Allen Salt Marsh

About:

 Captain Walter Allen (far right) with his wife Lida, daughter Beulah, holding his son Walter Ethan Allen (Mary’s future husband). The photo was taken at Allen’s Clam House around 1911.

Captain Walter Allen (far right) with his wife Lida, daughter Beulah, holding his son Walter Ethan Allen (Mary’s future husband). The photo was taken at Allen’s Clam House around 1911.

Located on western side of Sherwood Mill Pond, Allen Salt Marsh was donated to Aseptuck Land Trust by the Northrop family in 1984.

It is named for Walter “Cap” Allen who operated a clam and oyster shack on the banks of the Mill Pond in the early 1900’s with shellfish harvested from beds in the pond. In 1989, Edward Hicks added to the preserve with a donation of over ½ acre of land to help create a beautiful viewing area.

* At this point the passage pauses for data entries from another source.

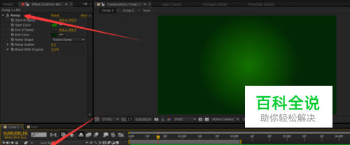 首先我新建立一个固态层,命令为BG,再在背景层加上ramp,渐变的方式改为radial,之后调整好颜色!
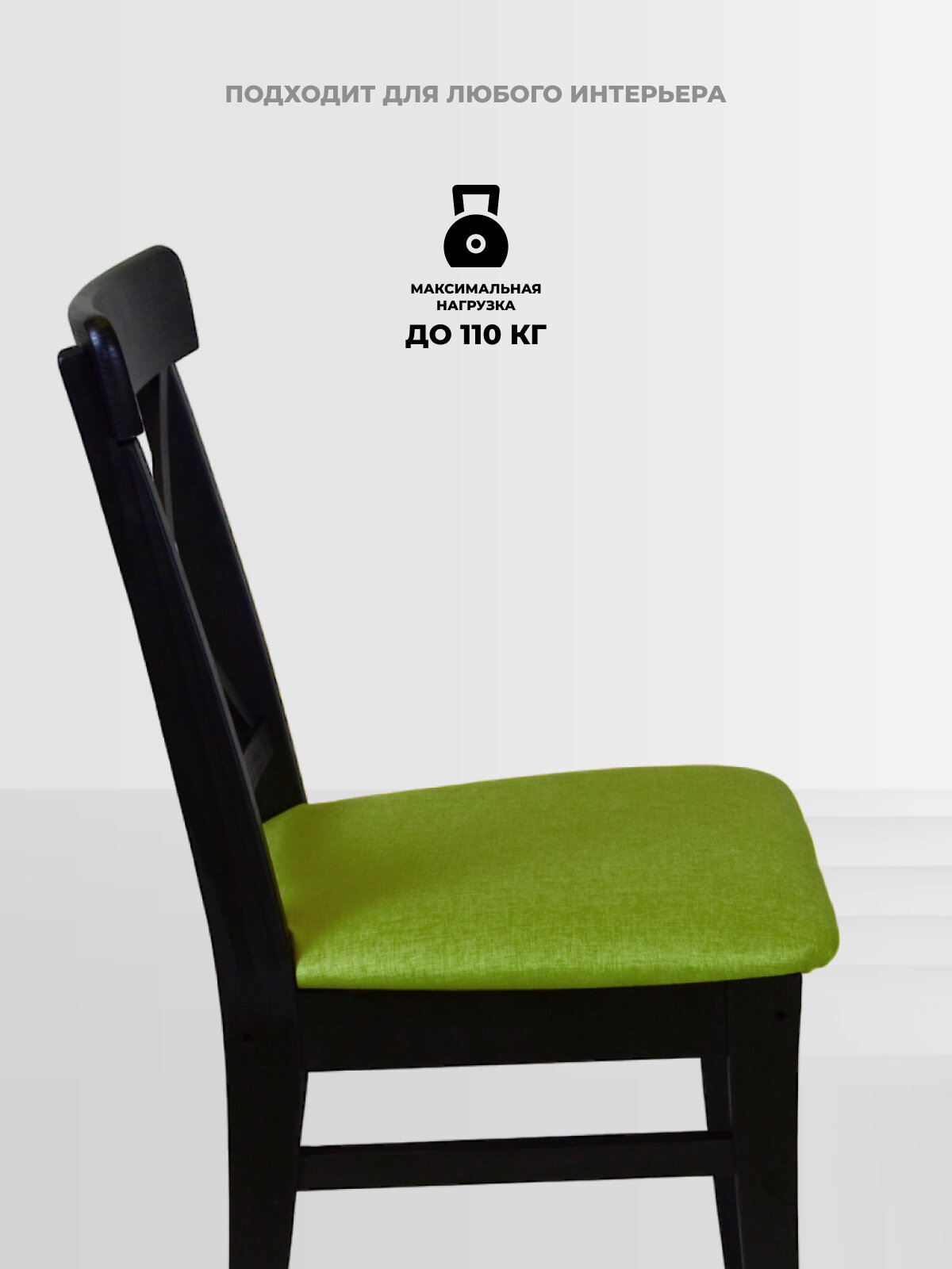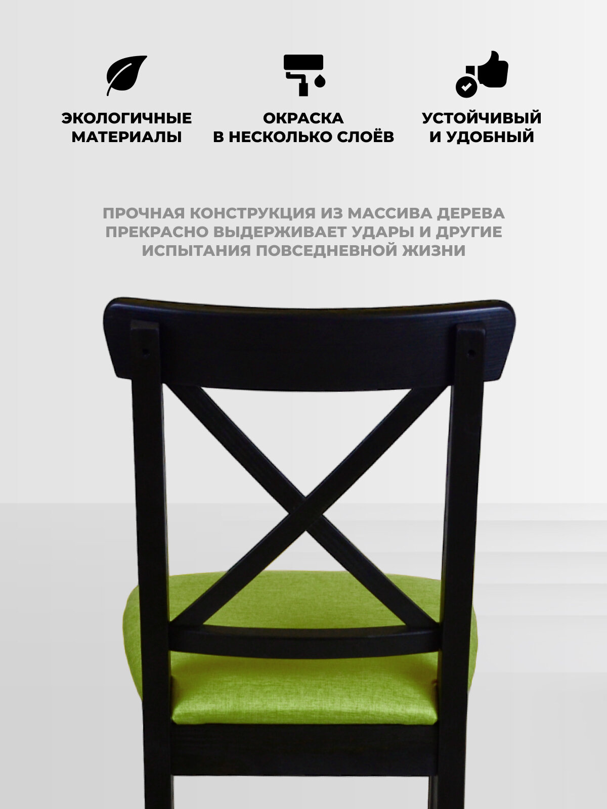 Стул Ингольф из массива сосны черный с мягким сидением зеленого цвета для кухни, дачи, гостиной информация: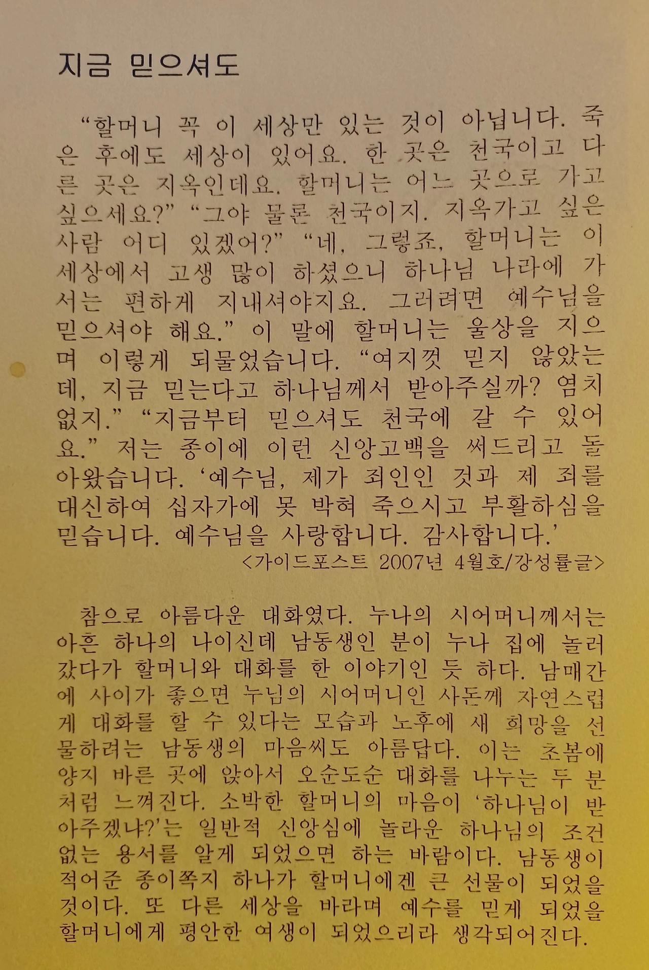 예수는 세례 요한에게서 물세례를 받은 후에 하늘로서 음성을 들었다. "너는 내 사랑하는 아들이다." 그 후에 예수는 마을을 돌아다니시며 제자를 찾고 병든 자를 고쳤다. 그러자 온 마을에 소문이 퍼지고 예수는 더 많은 일을 하시며.. 이렇게 말했다. "추수할 일은 많은데 추수할 일꾼이 부족하다." 세례 요한 때부터 추수할 영혼을 찾고 있었던 것이다. 여기서 아흔 하나이신 시어머니에게 며느리인 누나의 남동생이 사돈께 예수복음을 전하는 대화를 보며, 하늘에 계신 예수는 기뻐하셨을 것이다. 구십 평생을 믿지 않다가 아흔이 넘어서 믿기에 죄송한 마음을 말한 사돈어른께, '예수님, 제가 죄인인 것과 제 죄를 대신하여 십자가에 못 박혀 죽으시고 부활하심을 믿습니다. 예수님 사랑합니다. 감사합니다.' 이렇게 종이에 적어주시고, 읽으시고 고백하도록 해 줌으로 사돈 어르신을 구원하게 하고, 천국으로 인도한 지혜로운 전도에 감격하며... 이처럼 아름다운 대화가 어디 있을까? 절로 나도 고백하며, 감사하며, 감화를 받는다. 하늘에 계신 예수님도 기뻐하셨을 것이라 생각된다. 누구나 어디서나 어느 때나 구원의 문을 열려있고, 주님은 여전히 기다리시고 계신다.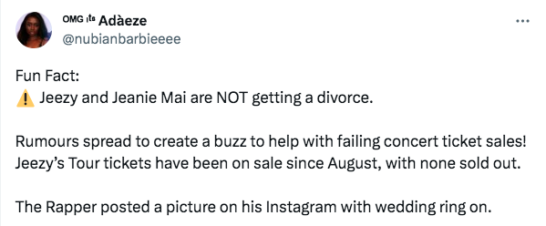 “Fun Fact: Jeezy and Jeanie Mai are NOT getting a divorce. Rumours spread to create a buzz to help with failing concert ticket sales! Jeezy’s Tour tickets have been on sale since August, with none sold out. The Rapper posted a picture on his Instagram with wedding ring on.”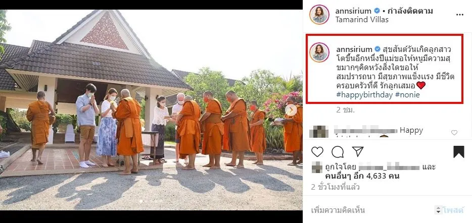เเละล่าสุด สาวแอน สิเรียม นั้นก็ได้พาครอบครัวทำบุญวันเกิด นนนี่ หลังลูกสาว-ลูกเขย ตรวจไม่พบเชื้อโควิด-19 โดย สาวแอน สิเรียม ได้โพสต์ระบุข้อความว่า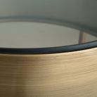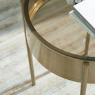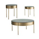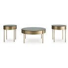 This table set combines metal and glass materials for a stylish and functional home accent. Tubular legs provide a sturdy base, while the aged brass-tone metal apron adds an elegant touch. A black tempered glass tabletop offers both sleek aesthetics and durability. With a modern design and high-quality craftsmanship, the set is a wonderful display of great taste.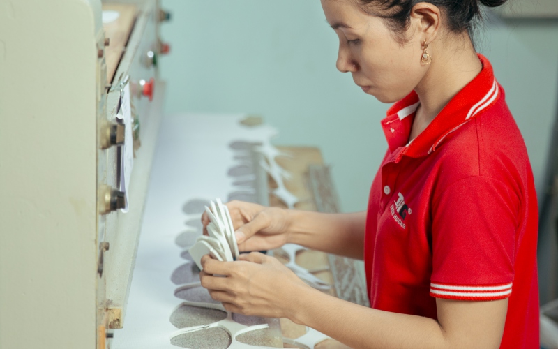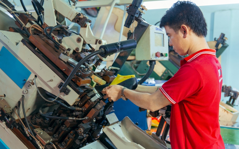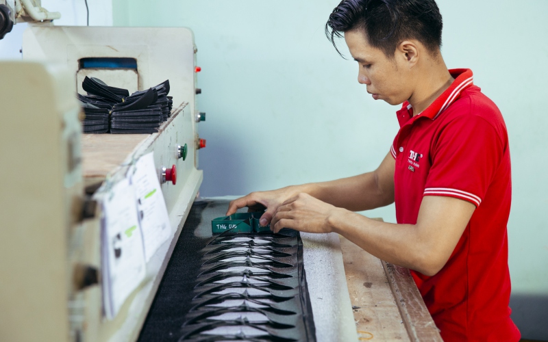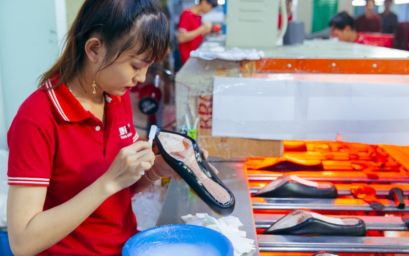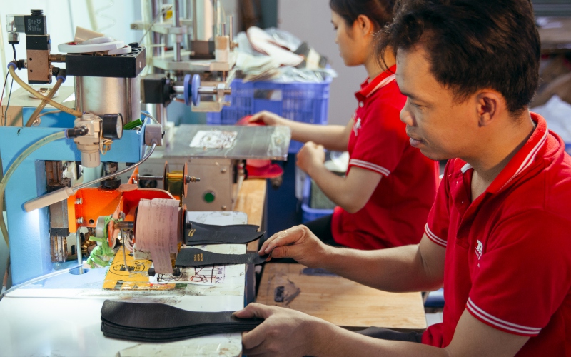 To produce good quality shoes, it must go through extremely meticulous production stages such as: design, creating sample forms, choosing materials, cutting, sewing, making soles, final assembly, quality control...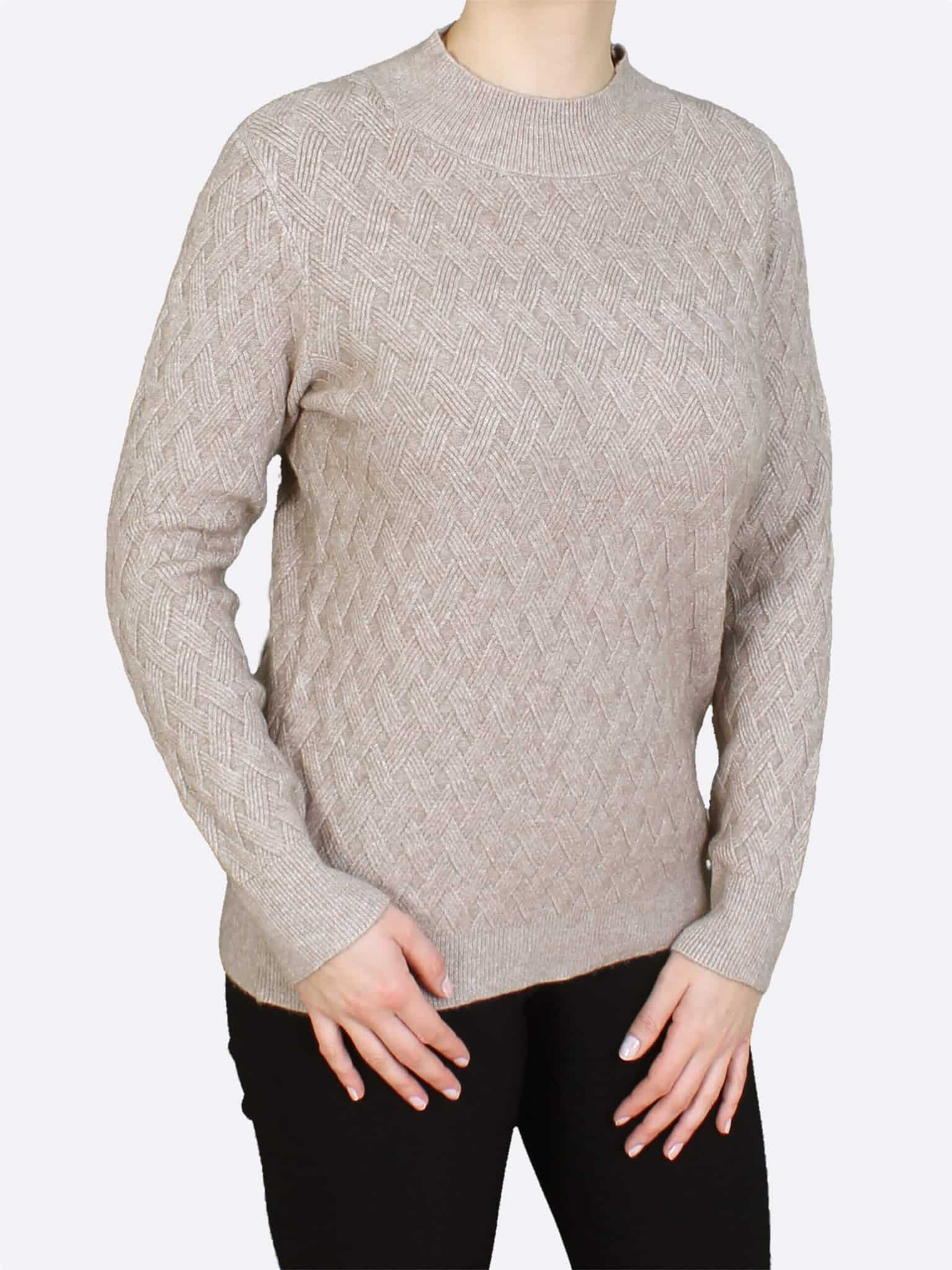 Uni trui met fijn ruit in een zachte kwaliteit met Lange mouw lengte van het merk Lea H. Subtiele uni ruit print, lang model in een mooie kleurencombinatie met zand.

The Northrup family, relatives of Captain Allen, still operate a shellfish operation in the pond today, sending their shellfish to some of the finest restaurants.
Read about the current shellfish operations in the Sherwood Mill Pond here.

 Cap Allen and his wife Lida, in front of the clam house.

Cap Allen and his wife Lida, in front of the clam house.

In high school, Mary clammed at low tide on the mud flats, and sold them to Cap. She also sold horseshoe crabs. He put them in floats where he kept his fresh clams; they kept the water clean.

In the early 1900s, Walter “Cap” Allen opened his clam and oyster shack on the banks of Sherwood Mill Pond. The oysters came from beds in the pond and nearby cove. Cap often hand-shucked them himself. Over time he grew Allen’s into a rustic family eatery.

To learn more about the history of Sherwood Mill Pond and oyster growing in this area click here.


Osprey Platform - Installation Allen Salt Marsh.JPG


This beautiful salt marsh preserve is non-trailed but offers access for viewing the wildlife and scenery of the spectacular Mill Pond.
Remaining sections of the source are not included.